### Data segment
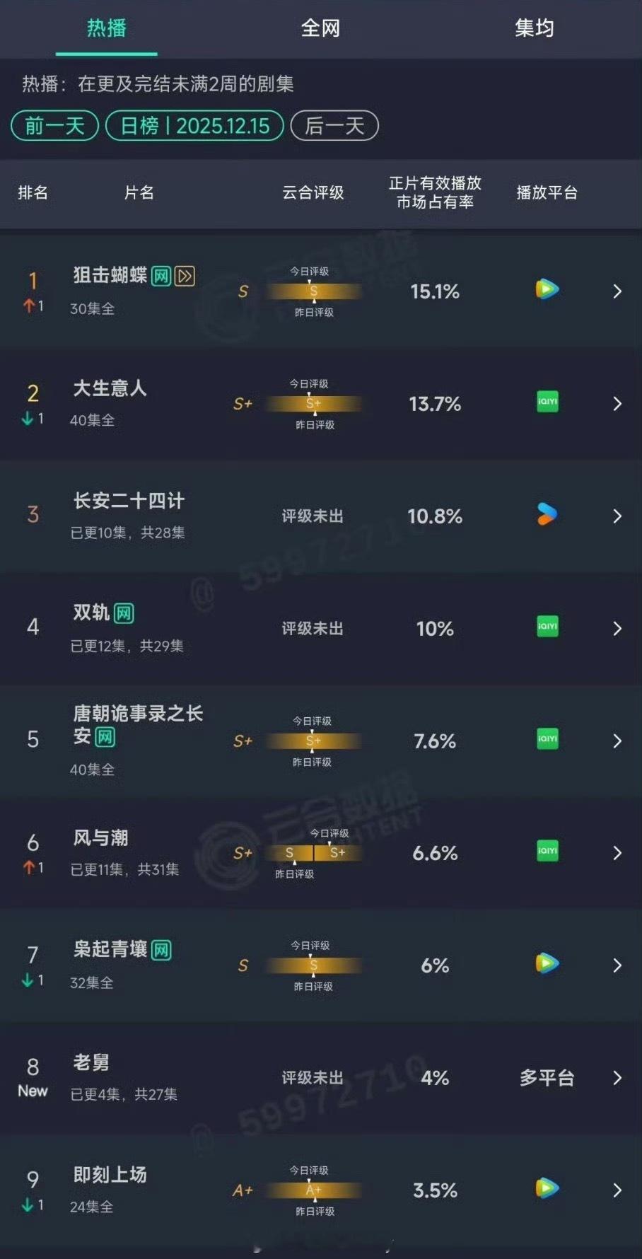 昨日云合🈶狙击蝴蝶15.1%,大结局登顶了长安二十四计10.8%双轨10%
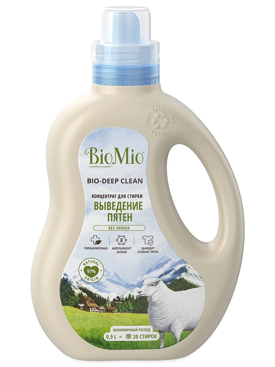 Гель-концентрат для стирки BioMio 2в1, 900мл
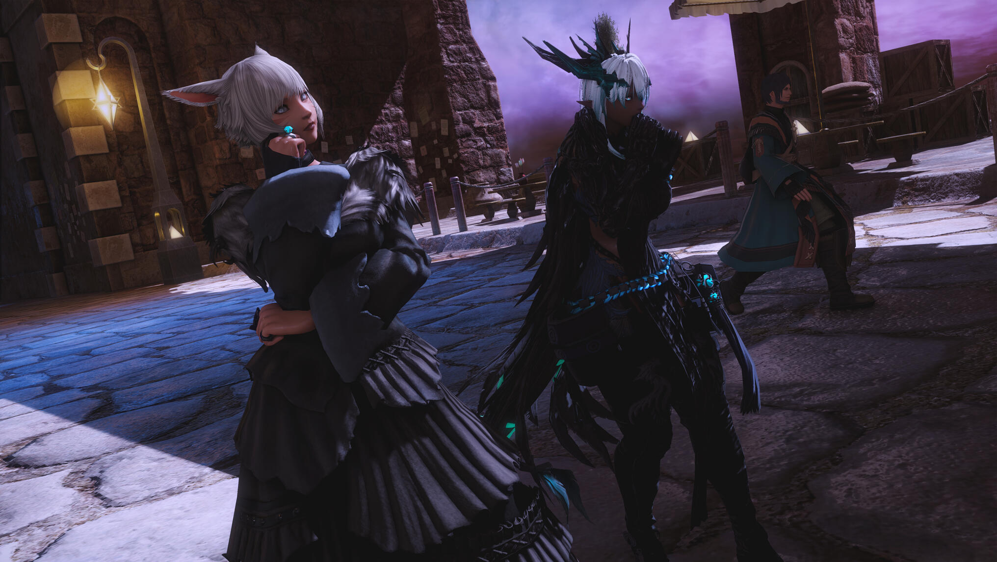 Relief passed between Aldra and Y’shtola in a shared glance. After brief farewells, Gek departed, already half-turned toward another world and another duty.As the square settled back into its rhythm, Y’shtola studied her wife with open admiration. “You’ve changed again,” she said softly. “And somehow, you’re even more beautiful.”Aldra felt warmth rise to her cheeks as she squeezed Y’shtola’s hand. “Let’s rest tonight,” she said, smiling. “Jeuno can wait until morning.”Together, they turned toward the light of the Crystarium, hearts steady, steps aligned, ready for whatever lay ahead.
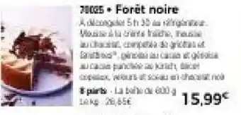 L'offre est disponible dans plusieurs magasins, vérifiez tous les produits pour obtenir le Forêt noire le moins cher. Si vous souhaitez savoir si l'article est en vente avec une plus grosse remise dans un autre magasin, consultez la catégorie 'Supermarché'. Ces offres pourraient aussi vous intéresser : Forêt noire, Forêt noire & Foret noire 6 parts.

### Exercise description
Could you repeat each line above exactly as written? Omit the pictures.

### Your response
 昨日云合🈶狙击蝴蝶15.1%,大结局登顶了长安二十四计10.8%双轨10%
 Гель-концентрат для стирки BioMio 2в1, 900мл
 Relief passed between Aldra and Y’shtola in a shared glance. After brief farewells, Gek departed, already half-turned toward another world and another duty.As the square settled back into its rhythm, Y’shtola studied her wife with open admiration. “You’ve changed again,” she said softly. “And somehow, you’re even more beautiful.”Aldra felt warmth rise to her cheeks as she squeezed Y’shtola’s hand. “Let’s rest tonight,” she said, smiling. “Jeuno can wait until morning.”Together, they turned toward the light of the Crystarium, hearts steady, steps aligned, ready for whatever lay ahead.
 L'offre est disponible dans plusieurs magasins, vérifiez tous les produits pour obtenir le Forêt noire le moins cher. Si vous souhaitez savoir si l'article est en vente avec une plus grosse remise dans un autre magasin, consultez la catégorie 'Supermarché'. Ces offres pourraient aussi vous intéresser : Forêt noire, Forêt noire & Foret noire 6 parts.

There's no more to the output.